From the very first line of the data to the line containing "Руки молодой женщины, берущей", retype everything exactly, leaving the pictures behind.

********

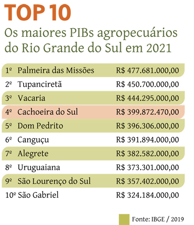 Os maiores PIBs agropecuários do Rio Grande do Sul em 2021
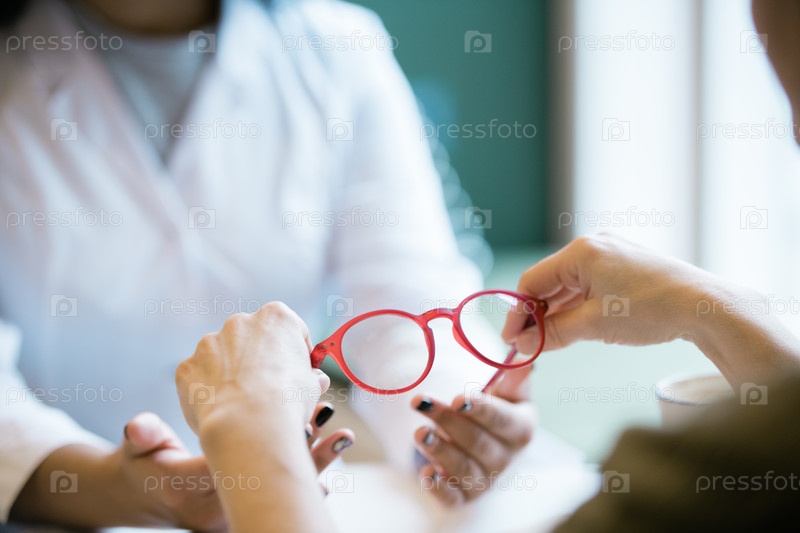 Руки молодой женщины, берущей новые очки у клинициста
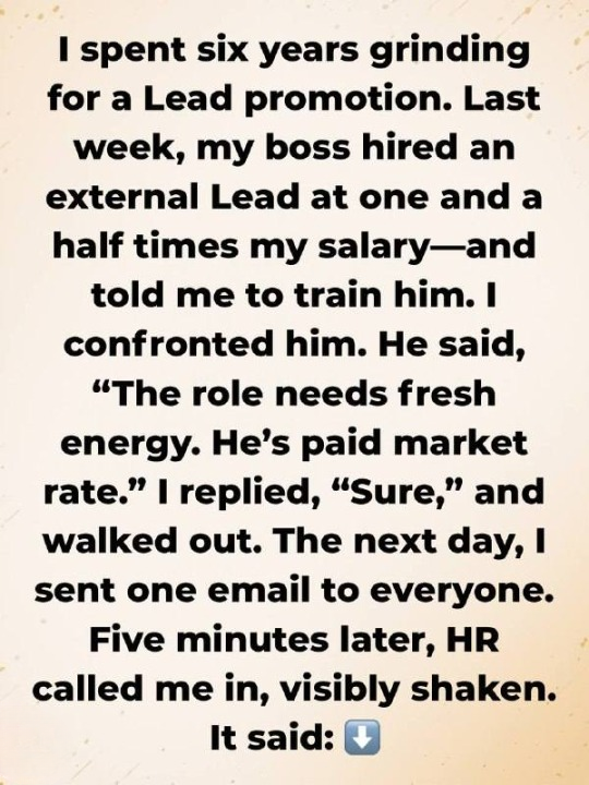 After six years of working toward a Lead position, she was passed over once again—this time for an external hire earning 1.5 times her salary. To make matters worse, she was asked to train him.
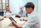 Asian businessman using digital tablet in the office
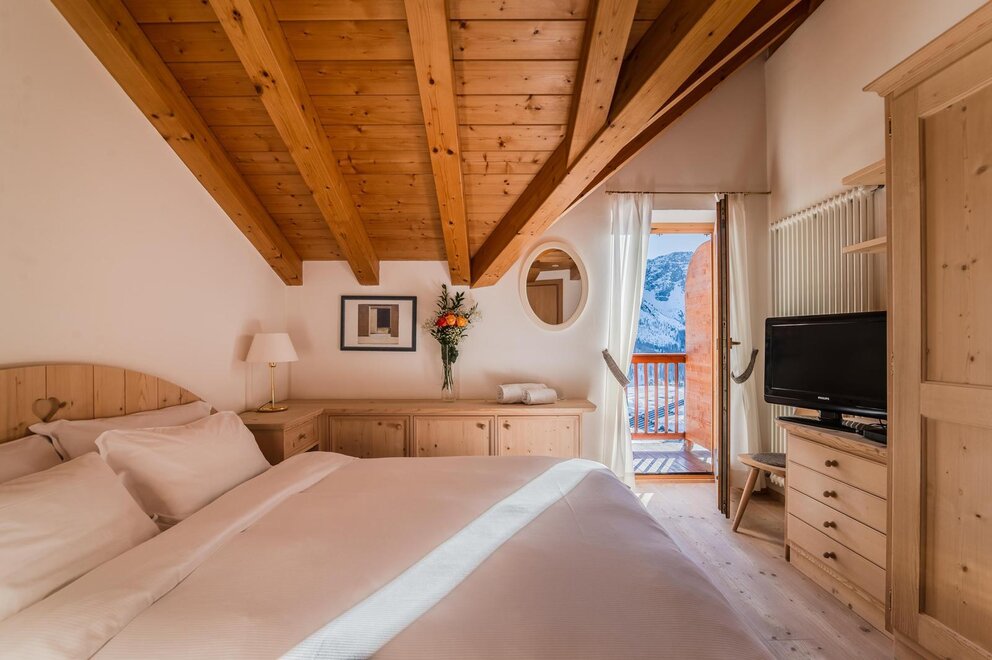 S koupelnou se sprchovým koutem, balkonem s úchvatným výhledem přímo na sjezdovky, hřeben Col Margherita a okolní DolomityVybavení pokojů
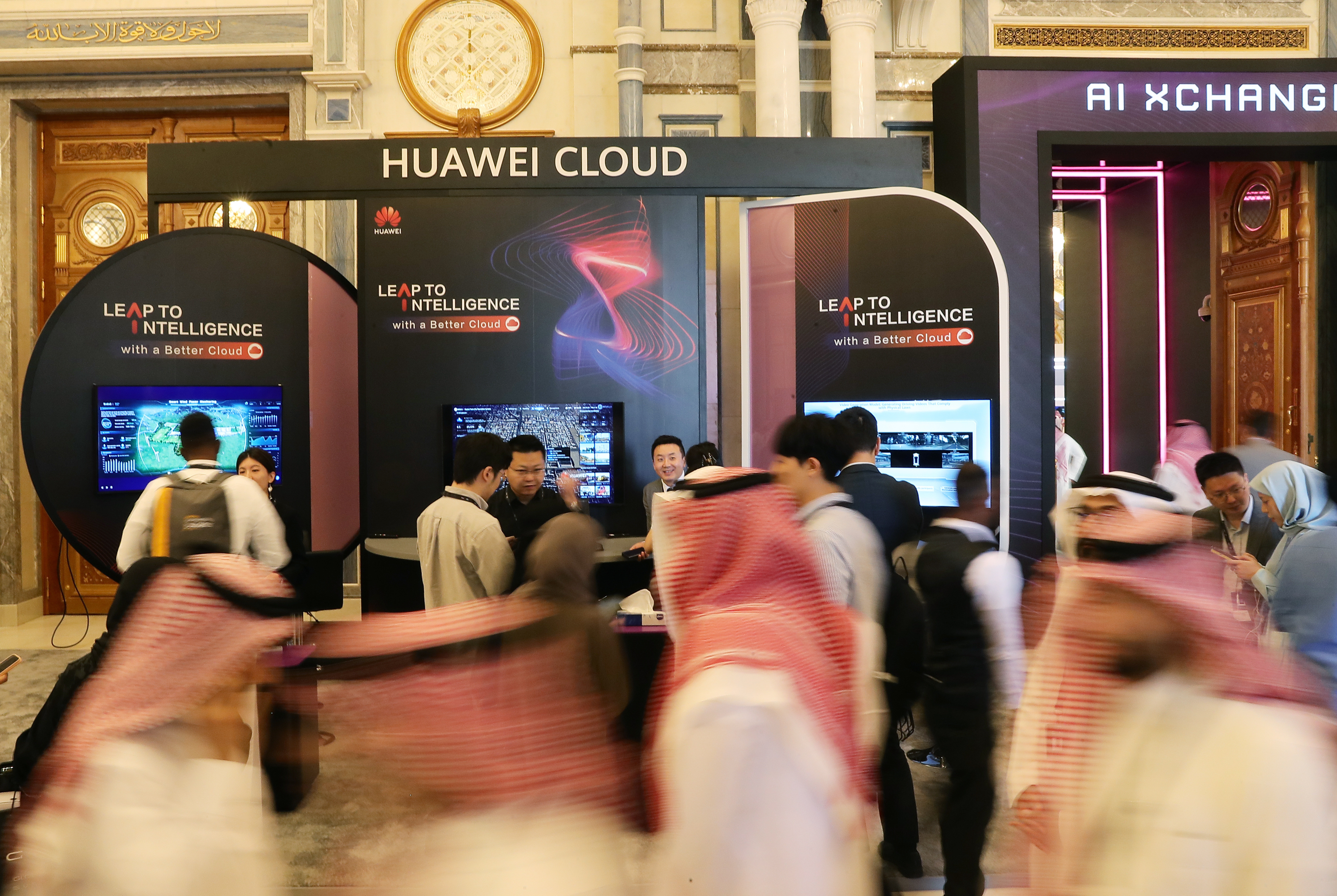 9月10日,东说念主们在沙特阿拉伯王人门利雅得举行的第三届宇宙东说念主工智能峰会现场的华为云展台参不雅。新华社记者 王东震 摄

********

:: Written solution ::
 Os maiores PIBs agropecuários do Rio Grande do Sul em 2021
 Руки молодой женщины, берущей новые очки у клинициста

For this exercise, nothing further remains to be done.